AI-Designed Antibodies Are Racing Toward Clinical Trials

Antibodies touch nearly every corner of healthcare. These carefully crafted proteins can target cancer cells, control autoimmune diseases, fight infections, and destroy the toxic proteins that drive neurological disorders. They’re also notoriously difficult to make.

Over 160 antibody therapies have been approved globally. Their market value is expected to reach $445 billion in the next five years. But the traditional design process takes years of trial and error and is often constrained to structures similar to existing proteins.

With AI, however, we can now generate completely new antibody designs—never before seen in nature—from scratch. Last year, labs and commercial companies raced to build increasingly sophisticated algorithms to predict and generate these therapeutics. While some tools are proprietary, many are open source, allowing researchers to tailor them to a specific project.

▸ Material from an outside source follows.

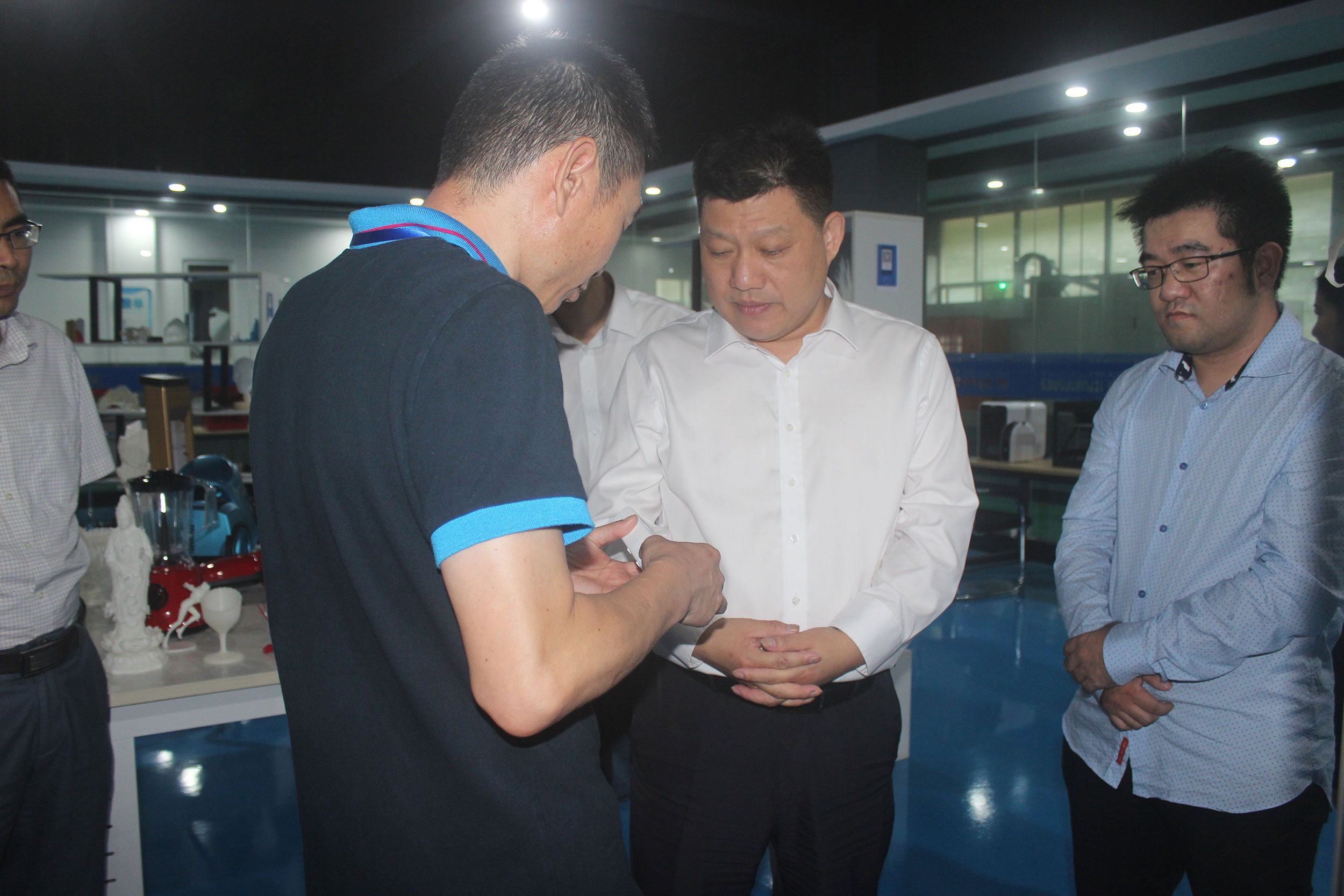 在3D打印產(chǎn)業(yè)園成立近一年之際,項(xiàng)敏市長再次調(diào)研浙創(chuàng)科技,陶董事長帶領(lǐng)項(xiàng)敏市長一行參觀3D打印車間和樣品間,展示近期最新研究成果,并就這大半年來浙創(chuàng)科技的業(yè)務(wù)發(fā)展、研發(fā)成果和人才合作等各方面向項(xiàng)敏市長一行進(jìn)行了詳細(xì)的匯報(bào)。

Some AI-optimized antibodies are already in early clinical trials. In late September, Generate:Biomedicines in Somerville, Massachusetts presented promising data from patients with asthma treated with an antibody designed with AI’s help. A shot every six months lowered asthma-triggering protein levels without notable side effects.

“Generative biology is moving drug discovery from a process of chance to one of design,” said Mike Nally, CEO of Generate, in a press release.

Nobel Prize winner David Baker at the University of Washington would likely agree. Known for his work on protein structure prediction and design, his team upgraded an AI last year to dream up antibodies for any target at the atomic level.

Designer Troubles

Pills containing small-molecule drugs like Tylenol still dominate healthcare. But antibody therapies are catching up. These therapies work by grabbing onto a given protein, like a key fitting into a lock. The interaction then either activates or inhibits the target.

Antibodies come in different shapes and sizes. Monoclonal antibodies, for example, are lab-made proteins that precisely dock to a single biological target, such as one involved in the growth or spread of cancer. Nanobodies, true to their name, are smaller but pack a similar punch. The FDA has approved one treatment based on the technology for a blood clotting disorder.

Regardless of type, however, antibody treatments traditionally start from similar sources. Researchers usually engineer them by vaccinating animals, screening antibody libraries, or isolating them from people. Laborious optimization procedures follow, such as mapping the exact structure of the binding pocket on the target—the lock—and tweaking the antibody key.

The process is tedious and unpredictable. Many attempts fail to find antibodies that reliably scout out their intended docking site. It’s also largely based on variations of existing proteins that may not have the best therapeutic response or safety profile. Candidates are then painstakingly optimized using iterations of computational design and lab validation.

The rise of AI that can model protein structures—and their interactions with other molecules—as well as AI that generates proteins from scratch has sparked new vigor in the field. These models are similar to those powering the AI chatbots that have taken the world by storm for their uncanny ability to dream up (sometimes bizarre) text, images, and video.

In a way, antibody structures can be represented as 3D images, and their molecular building blocks as text. Training a generative AI on this data can yield an algorithm that produces completely new designs. Rather than depending on chance, it may be possible to rationally design the molecules for any given protein lock—including those once deemed “undruggable.”

But biology is complex. Even the most thoughtful designs could fail in the body, unable to grasp their target or latching onto unintended targets, leading to side effects. Antibodies rely on a flexible protein loop to recognize their specific targets, but early AI models, such as DeepMind’s AlphaFold, struggled to map the structure and behavior of these loops.

Designed to Bind

The latest AI is faring better. An upgraded version of Baker lab’s RFdiffusion model, introduced last year, specifically tackles these intricate loops based on information about the structure of the target and location of the binding pocket. Improved prediction quickly led to better designs.

Initially, the AI could only make nanobodies. These are short but functional chunks of antibodies for a range of viruses, such as the flu, and antidotes against deadly snake venoms. After further tweaking, the AI suggested longer, more traditional antibodies against a toxin produced by a type of life-threatening bacteria that often thwarts antibacterial drugs.